Tiga Ketukan Palu Kehidupan

Belakangan ini saya banyak merenung tentang kehidupan.

Tapi jangan bayangkan saya merenung di tepi danau dengan pandangan kosong menerawang mega, atau di kelas saat kuliah kewarganegaraan. Bukan, bukan seperti itu. Diantara banyak pose dalam merenung, dua pose itu yang paling saya hindari. Pertama, karena memang nggak ada danau di sekitar tempat tinggal saya. Kedua, saya kok merasa nggak enak banget ya kalau harus menghabiskan kelas kewarganegaraan dengan merenung? Disamping kasihan sama dosen yang ngajar Kewarganegaraan (jadi inget kebiasaan SMA. Di kelas saya dulu, yang namanya guru PKn, atau Kewarganegaraan, atau yang semacam itu, hampir selalu dicuekin saat ngajar), saya pikir juga masih banyak kegiatan yang bisa dilakukan di kelas selain merenung. Hmm… nyanyi-nyanyi tanpa rasa bersalah saat bapaknya berkoar-koar tentang pentingnya menjadi warga negara yang baik nggak termasuk, tentunya.

Saya merenung sambil naik motor saat berangkat kuliah. You know, itu aktivitas kegemaran saya selama bertahun-tahun ini. Lumayan buat ngisi kekosongan saat hampir terkantuk-kantuk ngebut menempuh jarak 20 kilometer dari rumah saya di desa sampe kampus. Merenung tentang kehidupan di atas motor yang saya pacu dengan kecepatan 70 km/jam menurut saya lebih asyik ketimbang mendengarkan mp3 yang malah nambah-nambahin pusing karena kalau mp3 nya nggak distel dengan volume paling gede atau nggak full stereo, bakalan kalah sama bising knalpot motor di depan-belakang-kanan-kiri (Jogja makin penuh motor. What the FUN?!). Dan merenung di atas motor masih lebih mending daripada kebiasaan salah seorang temen jaman SMA saya yang tiap hari juga menempuh perjalanan kira-kira sama dengan perjalanan saya, yang dengan ringan ngobrolin kebiasannya di jalan, “Aku biasanya tidur sambil nyetang motor.” Tapi terlepas dari hal itu, saya memang tipe orang yang suka mengerjakan beberapa pekerjaan sekaligus dalam waktu yang sama (ini yang saya sebut efektifitas dan efisiensi waktu)—lagipula teman saya pernah bilang bahwa salah satu kelebihan saya adalah mengerjakan beberapa pekerjaan bersamaan :) (walaupun sekarang semakin terbukti bahwa itu tidak sepenuhnya benar, hanya pada hal-hal tertentu yang menjadi hobi saya saja).

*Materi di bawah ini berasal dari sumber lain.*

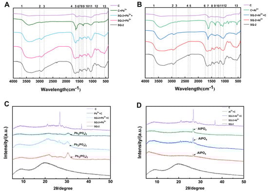 During the process of adsorption, metals have been observed to exert toxicity on bacteria, thereby prompting the activation of their defense mechanisms in order to resist external stimuli. Furthermore, the surface of bacteria is characterized by the presence of polysaccharides, proteins, and lipids, which possess a high adsorption capacity for metal ions. This property facilitates the mineralization and precipitation of metals, thereby reducing their toxicity [34]. In this study, we utilized FTIR to identify the functional groups involved in the adsorption process, thereby determining the extracellular reaction mechanism. Figure 6A,B display the FTIR spectra of Pb2+ and Al3+ adsorption by SQ-2–biochar, respectively.

Ceritanya, kemarin pagi saat berangkat sekolah, secara tidak sengaja saya melihat sebuah kecelakaan motor dalam jarak beberapa meter di depan saya. Saya nggak lihat secara langsung, yang saya lihat saat itu pengendara motor yang seorang bapak-bapak lumayan berumur sudah tergeletak di tepi jalan, darah menggenang di sekitar kepalanya. Banyak. Merah. Gelap. Sementara itu, seorang ibu-ibu berkerudung yang kayaknya membonceng bapak tadi menangis meraung-raung di samping tubuh bapak itu. Seketika orang-orang berbondong-bondong datang untuk menolong. Wah. Pemandangannya nggak enak banget waktu itu. Rasa kaget, cemas, takut, mau muntah karena di pagi buta seperti itu, belum sempat merasa lapar sudah dipaksa nambah ‘sarapan’ darah segar. Saya sempat berhenti sebentar, tapi kemudian segera melanjutkan perjalanan ketika rasa mual saya semakin menjadi. Saya nggak tahan mendapati apa yang saya lihat.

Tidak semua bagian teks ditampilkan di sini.